In the ACT the relocation of more than a thousand voiceless public housing tenants from Northbourne Avenue to pay for the tram progressed into the attempted forced evictions of more than 300 mainly elderly women and disabled people.

While the heartless eviction of these long-term public housing tenants has resulted in legal action before the Supreme Court for breaching human rights, the Canberra community has, if the deafening silence accompanying the evictions is a guide, apparently been desensitised to the massive decline in public housing and the wholescale eviction of tenants.

The treatment of prisoners and Aboriginal people in general, and the treatment of vulnerable homeowners by the asbestos taskforce are further examples about which we have written.

Relevantly, City Services Minister Tara Cheyne has reportedly claimed that some homeless people “would prefer whatever their lifestyle might be in that situation”. Yes, it’s a matter of choice, she said and that it is “not as simple as putting people into housing or into a hotel”. 

Ms Cheyne’s comments were in the context of homeless people being moved by City Services rangers from Civic to clear the space for a festival. She did not provide any evidence of how many, if any, of the homeless people had been offered accommodation which they refused.

Community advocates and service providers advised that some people could not be housed due to the lack of availability and diversity of housing, and the absence of mental health and other support services to maintain tenancy. Nevertheless, neither Ms Cheyne nor her colleague and Minister for Housing, Ms Yvette Berry have provided any response or clarification.

Data published by the Productivity Commission, however, leads us to accept and endorse the view expressed by community advocates.

We have previously written about the nominal decrease in public housing dwellings in Canberra as well as the more significant decrease in stock relative to population.

In 2023-24, the wait time for households in greatest need (ie, homeless, in housing inappropriate to their needs, in housing that is adversely affecting their health or placing their life and safety at risk) was seven months.

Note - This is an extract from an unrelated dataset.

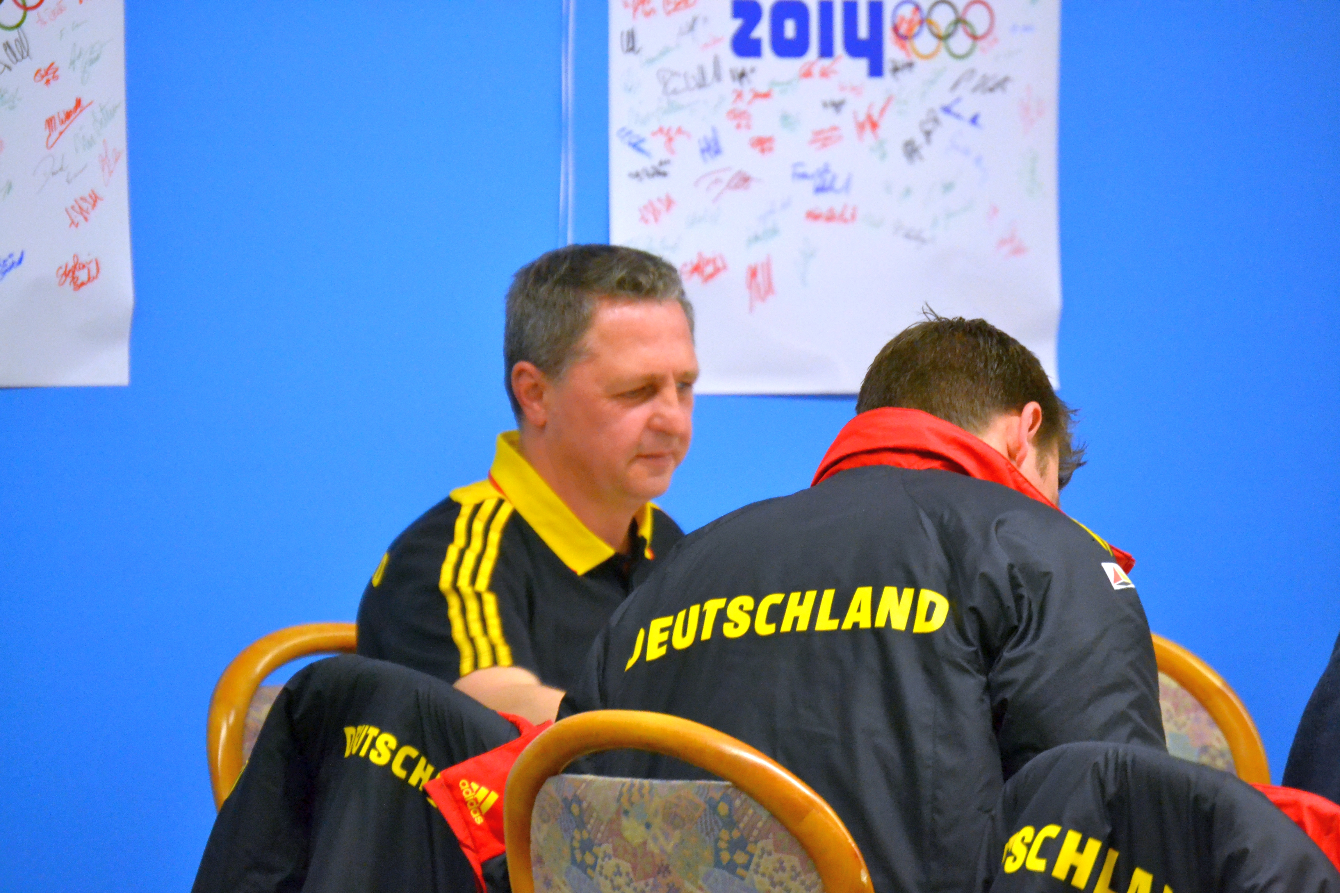 Outfitting the Olympic teams of Germany 2014; Media day January 20th 2014 at Military Airport Erding.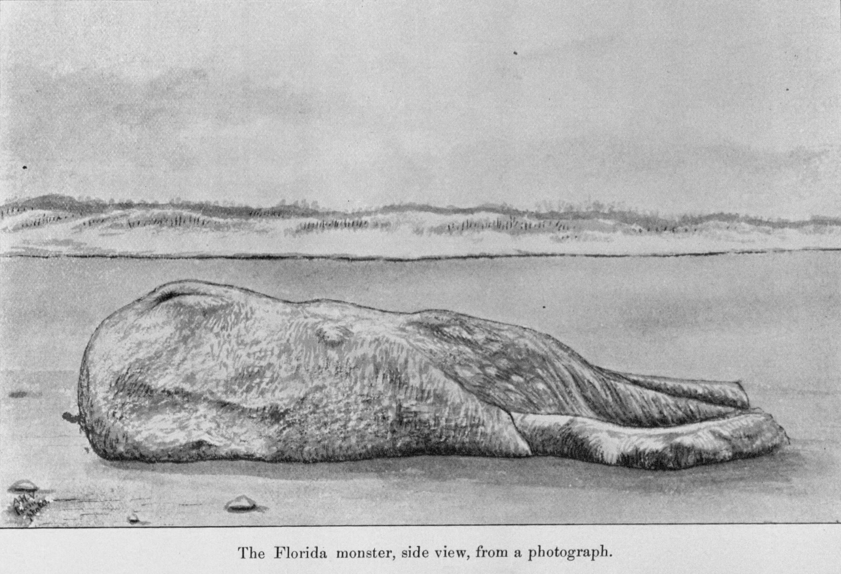 St. Augustine "sea monster" of 1896, drawn by Addison Emery Verrill from a photograph

No grand plan to change nation-worst standards

In just two years the 75th percentile wait time has blown out from 18 months in 2021-22 to 32 months in 2023-24.

However, it is unlikely that any of the homeless who were moved on by the rangers are on the waiting list. It would be difficult for them to qualify under the eligibility criteria, which requires them to demonstrate that they can maintain a tenancy, that they do not have significant mental health or drug and alcohol issues, which may be the cause of their homelessness in the first place.

They would, of course, qualify for crisis accommodation under the homelessness program. However, the ACT government’s expenditure on homelessness services has decreased by 4.2 per cent in real terms over the two years from 2021-22 to 2023-24. Nationally, it increased by 3.9 per cent , with WA, NT, Tasmania and Queensland recording increases ranging from 9.1 per cent to 69.7 per cent. 

The decrease in per capita expenditure in the ACT (that is, considering the population increase) was even larger at 7.6 per cent. The proportion of clients receiving support to maintain a tenancy dropped from 33 per cent in 2021-22 to 24.5 per cent in 2023-24.

We do not believe on the available evidence that Ms Cheyne or the ACT government is acting on any grand plan to change the ACT’s nation-worst standards on housing the homeless or those for whom life is a perpetual struggle.

We think this even though housing as a human right has now been written into law by the most “progressive” government in Australia. What a hypocritical attempt to justify the unjustifiable. 

However, Canberrans walking past homeless people in the street can at least now feel comfortable that they (the homeless) are just exercising their choice and that this has nothing to do with our policies, priorities and services.

Blaming the homeless when the government has cut funding for services is disingenuous as well as cruel. At least rangers moving the homeless showed more empathy when one of them reportedly said quite eloquently that they feel like an a#$%*@e.

Jon Stanhope is a former chief minister of the ACT and Dr Khalid Ahmed a former senior ACT Treasury official.